Proposals based on the no-doubt vigorous lobbying of organisers need to be subjected to equally vigorous scrutiny from other parties.

For an example of how heavy-handed the New Zealand proposals are, take the presumption that the unauthorised use of "major event" emblems and names, or versions of them, will breach the new law. So, unauthorised use of the words "Rugby World Cup" (or "Rugby" or "World Cup") would be deemed a breach of the new legislation, and would invite some quite severe penalties. Whatever happened to being presumed innocent until proven guilty?

Interestingly, a similar provision proposed for the London Olympics was withdrawn as the result of public pressure.

We might well ask how far the Government is prepared to go in its bid to attract events, and whether anyone other than the sponsors is to be permitted to share benefits?

The proposed legislation goes much further than ensuring clean stadiums for key games. It's about delivering clean zones around venues and on major transport routes up to 5km away.

It's about not being able to wear or give away wrongly-branded clothing at events, run competitions giving away tickets, or host guests to events in an inappropriate way.

Even the sky is covered. No wrongly branded blimps or cheeky sky-writing. No earth-bound signs within sightlines.

There are to be penalties for scalping tickets at more than face value, so devout rugby fans desperate for a ticket to the final could find themselves heavily fined, as well as missing the action. That's a situation normally covered by contract law - the fine print on the ticket.

The Government is also proposing part-time enforcement officers (plucked from where?), responsible for policing the new law.

The enforcement officers' powers include the ability to seize or cover up anything they believe is in breach, and they are expressly authorised to use reasonable force.

Is this what we want in New Zealand?

Here's an example of what is making big sponsors and the Government nervous. Lufthansa didn't sponsor the last Soccer World Cup, Emirates did. But Lufthansa put soccer balls on the noses of its aircraft, attracting world attention helping to fill its planes with fans. Is it appropriate for the law to prevent this sort of creativity?

Before getting carried away with "cup fever" and the potential economic spin-offs, it is worth noting that the Government is proposing that its new law applies whenever it designates something a "major event".
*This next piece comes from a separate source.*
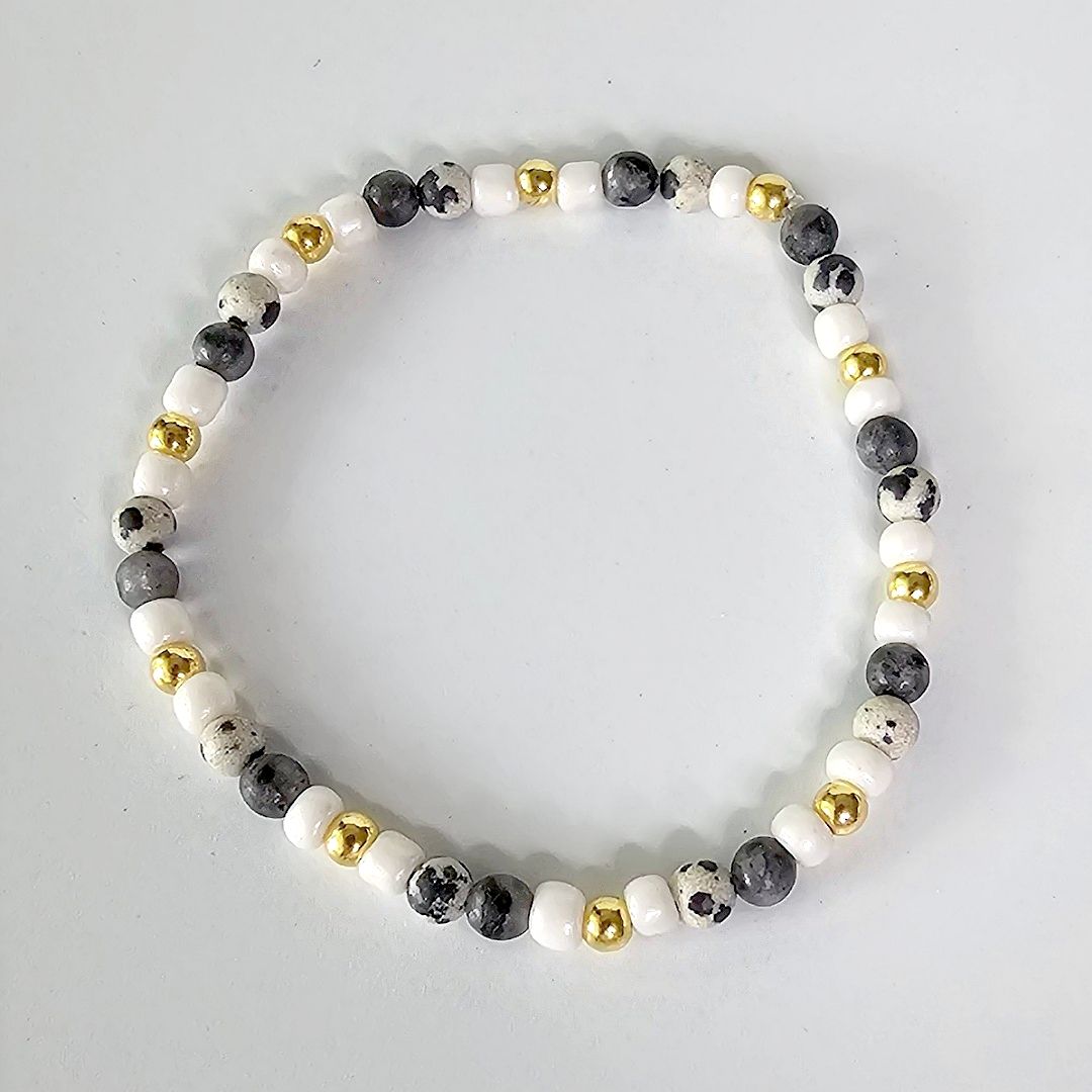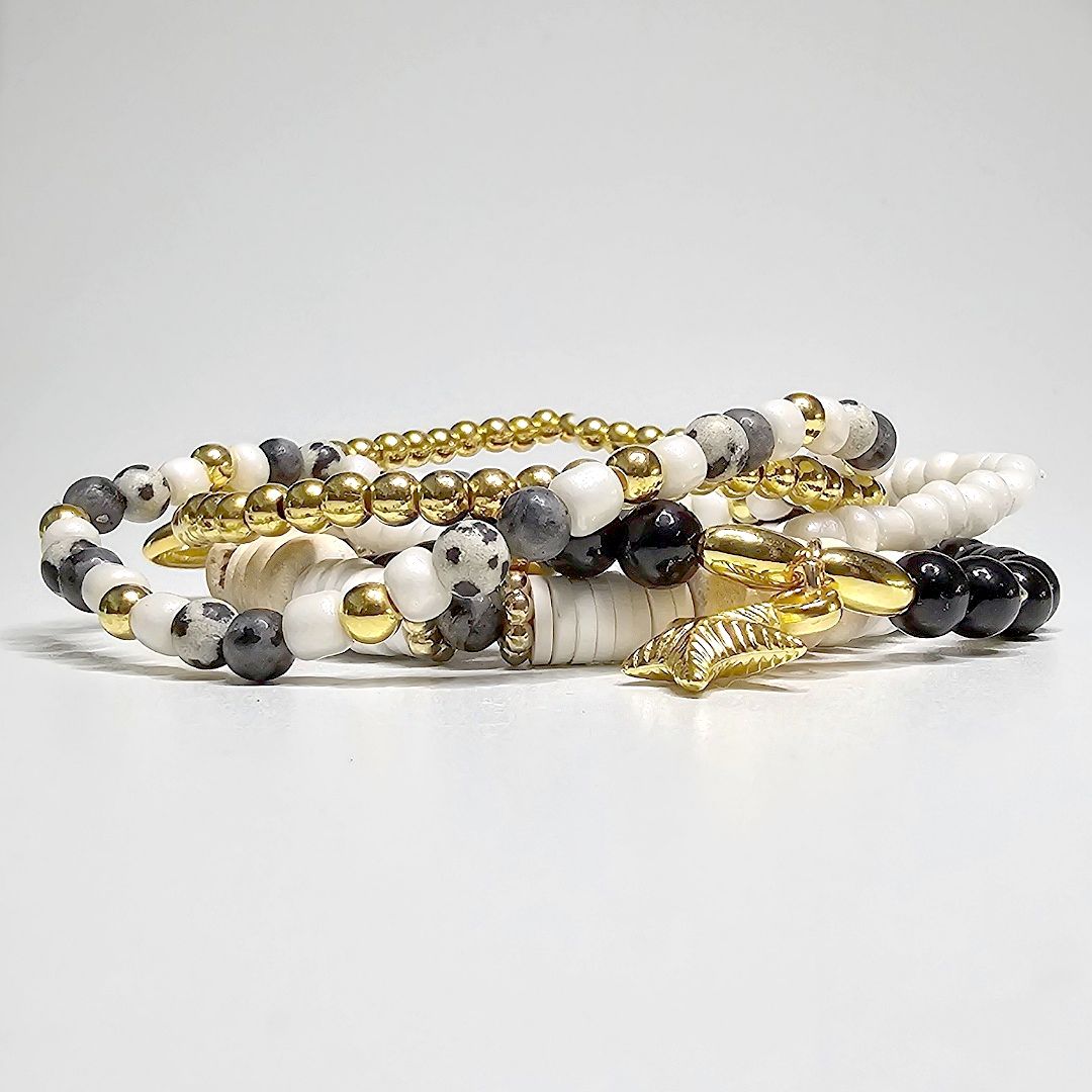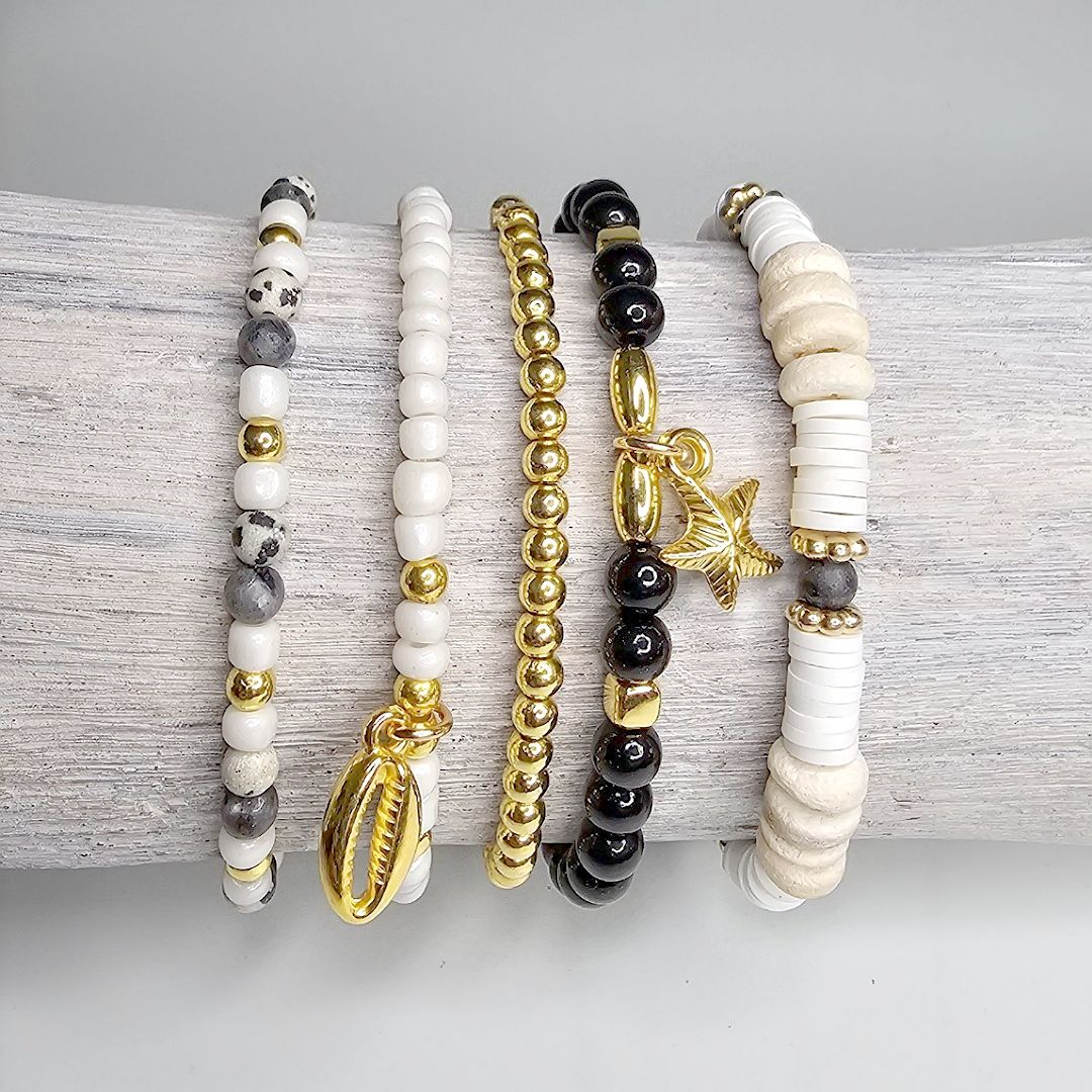 Ontdek onze opvallende armbandenset, Dalmatian, bestaande uit vijf unieke armbanden die de speelse en elegante uitstraling van de Dalmatiër weerspiegelen. De eerste armband is vervaardigd met natuursteen kralen, wat een natuurlijke en stoere touch toevoegt aan je look. De tweede armband is versierd met glinsterende gouden kraaltjes, waardoor een vleugje luxe wordt toegevoegd aan de set. De derde armband is een combinatie van ivoorkleurige kralen en een goudkleurige kaurischelp, wat een chique en exotische uitstraling geeft. De vierde armband, gemaakt van kokos, voegt een tropisch en ontspannen element toe aan de set. Tot slot, de vijfde armband, een toevoeging aan de set, is een zwarte kralen armband met een zeester bedel, wat een maritieme charme toevoegt aan de collectie.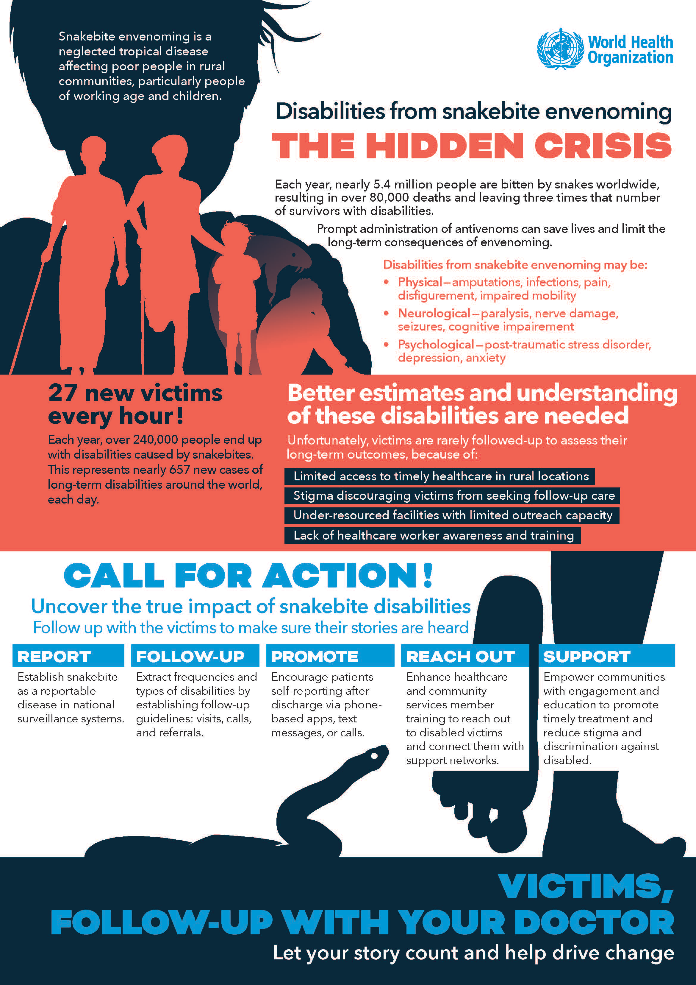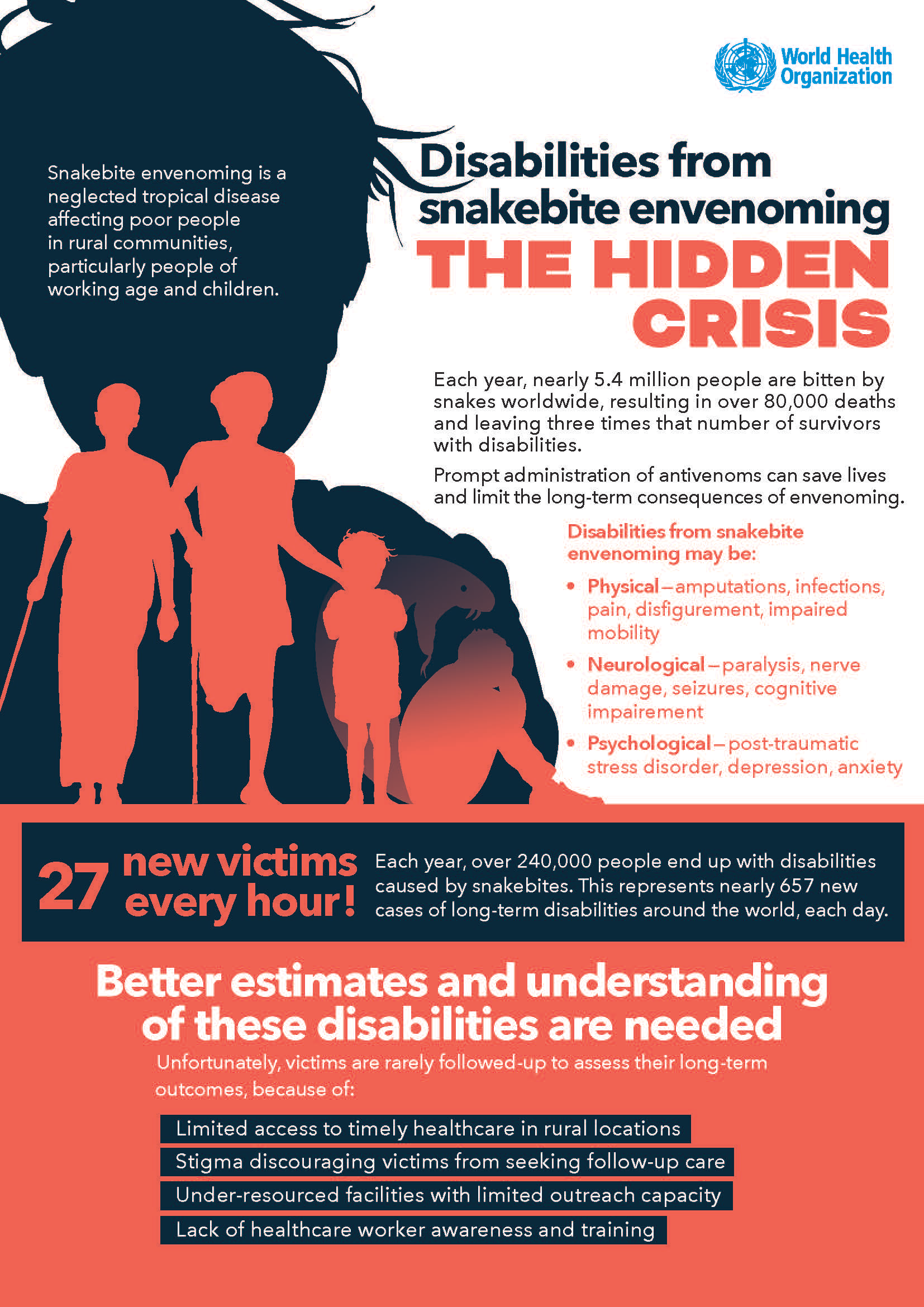 to improving access and equity for victims. Snake bites can cause a variety of disabilities potentially leading to substantial loss of limb use or even amputation. In some countries victims become mired in poverty and may be socially ostracized.

Care is needed in this area, as the explanatory note to the Bill cites the Under-17 Women's Football World Cup in 2008 as an example of a potential "major event", a further suggestion the thresholds for designation might be relatively low.

Such low thresholds are a concern, because the consequences of any breach are severe. Breaches will be criminal offences, punishable with hefty fines, and civil action can also be taken against offenders.

One of the questions the Australian review asks is whether the definitions of ambush/parallel marketing now in place include activities that many people view as legitimate marketing practices.

Sport might be our national passion, but is it necessary to cancel public rights and freedoms to the extent proposed, gifting sponsors a playing field tipped overwhelmingly in their favour?

It would be nice if our legislators looked to the experiences of Australia, Canada and Britain and took some heed of the solutions developed there and elsewhere. And even nicer if they were to get the right solution for New Zealand before, rather than after, the Rugby World Cup kicks off in 2011.